Ok, so longer story short, I drove to Long Island, and got there by around 4ish pm. I stayed with mom until about 8:30pm that night. She looked good, and was surprised to see me. Of course, she asked me "who told you I was here?", and I looked at her, a little nervous, and said, "Mom, when I talked to you at 7:00 this morning, I told you that I was the one who told Rob to call an ambulance." To that she said, "Oh yea, that's right. I remember now." :/ I then went on to jokingly ask her what her birthday was (Which I think is going to be a long-standing inside joke now). That day, they did an MRA, MRI, and echocardiogram. All of which were NEGATIVE. Huh?? What??? Negative? Well, then mom, you're not going anywhere until they find out what happened, and why you still can't remember anything from Sunday.
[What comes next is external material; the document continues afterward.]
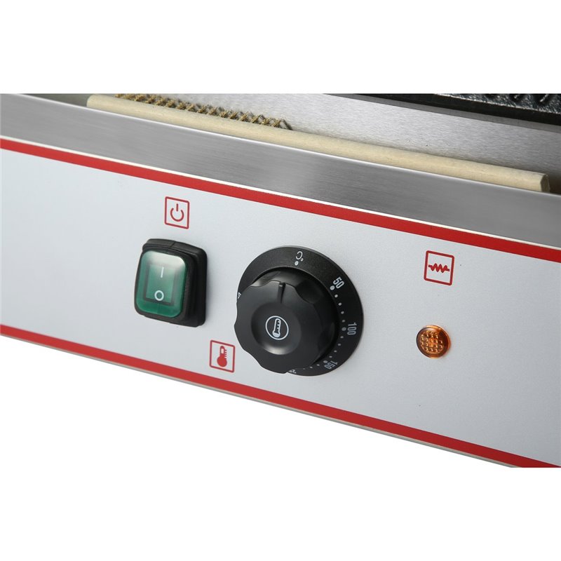 Grill your most popular sandwiches to perfection with this multi contact panini sandwich grill! This grill features cast iron plates to evenly cook sandwiches. The thermostatic controls let you adjust temperatures so you can cook at the perfect temperature, while the stainless steel exterior frame ensures long-lasting durability. Great for grilling paninis, sandwiches, bread, and even hamburgers and quesadillas, this versatile grill will add variety to your establishment!

Lo and behold, they did have a reason. They called it Prednisone Psychosis. And after looking it up (I thought the doctor was pulling this out of her ass), it made sense - she had all the symptoms, which oddly enough, mimic a stroke. Mom has been on and off Prednisone for years for bad lungs and chronic pneumonia. She was just finishing up a tapered dose for pneumonia when this happened.

So, she didn't have a stroke or mini-stroke, and all of this was caused by a drug. One drug. Amazing. I'm just happy that mom is ok, and there was nothing seriously wrong with her. She was discharged on Tuesday with no restrictions, except to stay away from Prednisone. Thank God. So I stayed down for the rest of the week to help out with the kids, and when mom was feeling better and I knew she was ok, I transitioned over to wedding stuff. Which, by the way, the wedding was so beautiful, and so much fun. And I have a new favorite picture of Matt and I (above).
In other news, October is over - YAY!
And I started using OPK's (Ovulation Prediction Kits - pretty much a stick you pee on that tells you when you're about to ovulate), and got my first + OPK on CD 19, October 27. I also got a positive last night, and this morning right after I temped. Initially, after the first +OPK, I thought I wasn't going to ovulate this cycle because my temps were so weird, and didn't show any temp spike to go along with ovulation. But now, I have a temp spike, and 2 +OPK's. So I guess I'm going to O; just a little later than expected.